Question

A heat exchanger is used to heat acetone. 10 kg/min of steam enters at 550 C and 20.0 bar and leaves as saturated steam at 1 bar. The acetone enters at 20 C and leaves at 70 C. The heat exchanger loses 3000 kJ/min to the surroundings. The acetone is under a constant pressure of 1 atm.

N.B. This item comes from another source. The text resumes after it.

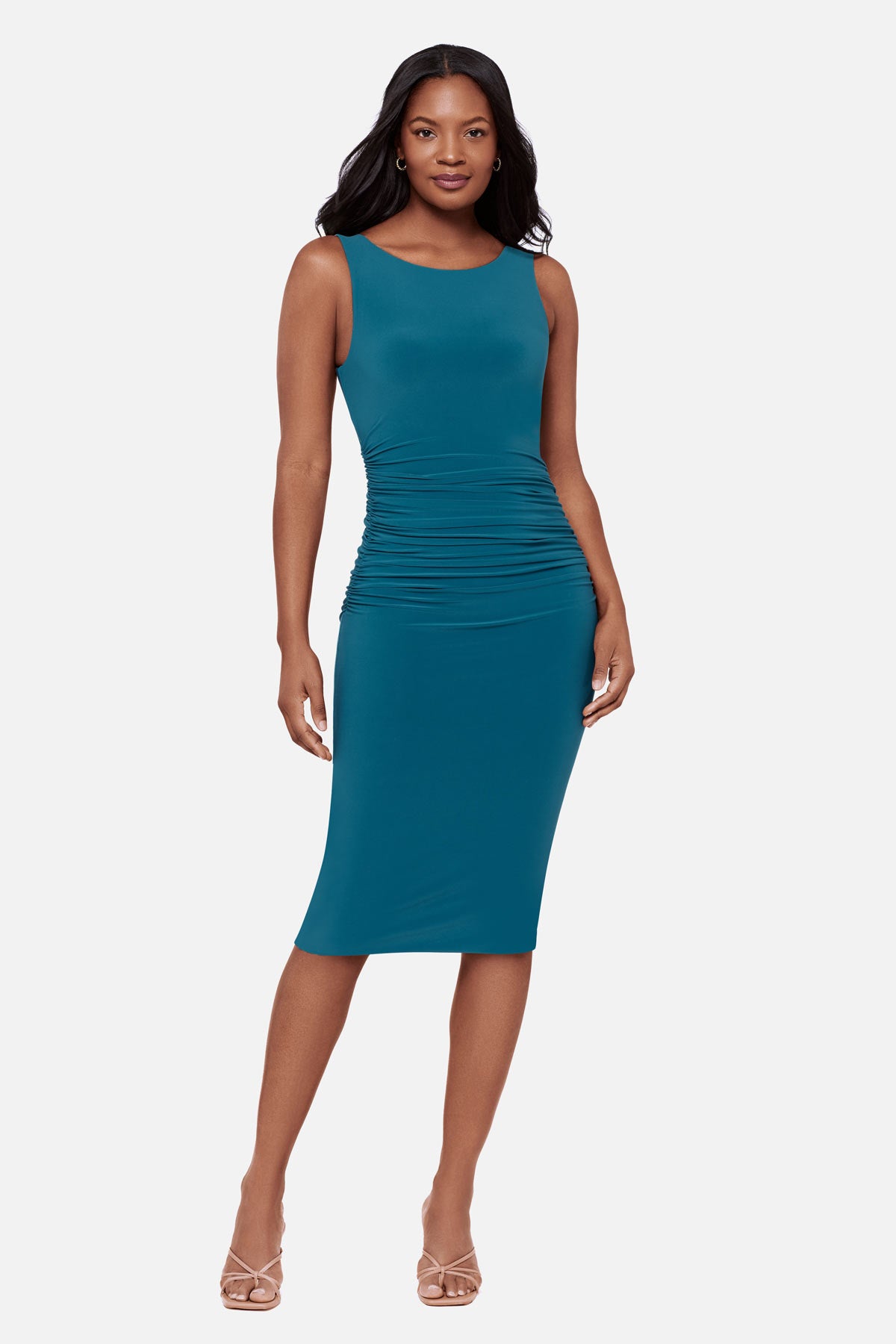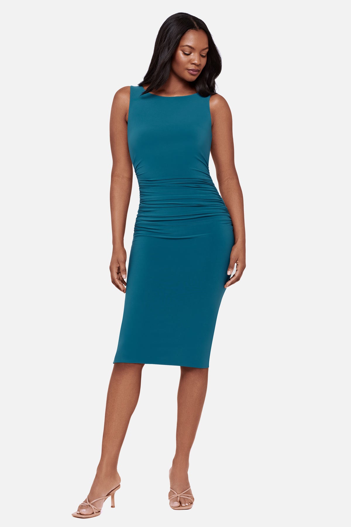 Strategically draped to flatter. Crafted in soft Miramatte™ Jersey that packs like a dream.

Determine the volumetric flow rate (L/h) of acetone leaving the heat exchanger.

Answer 1

Lets make enthalpy balance ,

Heat in =Heat out

Here heat is supplied by steam and that heat is used to heat acetone and in the process 300 Kj/Min of heat is lost to the surrounding

dH_steam=dH_acetone+ H_lost

Enthalpy at 550 oC and P=20 bar = 3577.6 Kg/Kj ( From steam table)

Enthalp of saurated steam at 1 bar = 2675.4 KJ/Kg ( From steam table)

dHsteam = 3577.6-2675.4 =902.2 Kj/Kg

Cp of acetone = 77.28 KJ/KMole = 77.28/58 K =1.3324 Kj/Kg K ( taken from standard references)

Let the flow rate of aceone be 'm' Kg/min

dHacetone = m*Cp*dT = m*1.3324*(70-20)=m*66.62 Kj/min

Hence subsituting all the known data in ethalp equation

10*902.2= m*66.62 + 3000

value of 'm' from above equation ,

m=90.393 Kg/min =90.393/58=1.5585 Kmole/min =1.5585*60 = 93.510 Kmole/hr=93.510*10³ Mole/hr

m=93.510*10³ Mole/hr

Now we will use ideal gas law to convert mole per hr to Litre /hr

PV=NRT

Where,

P = 1 atm

N= moles/hr

V= Volume per hr

R= 0.0821 Litre atm Mole^-1 K^-1

Toutlet = 70 oC =343.15 k

1*V= 93.510*10³ *0.0821*343.15

V= 2.634*10⁶ Litre/hr

Note : The accuracy of solution depends on the accuracy of Cp and enthalpy values of steam. More accurate the values of enthalpy and heat capacity , more acccurate the result.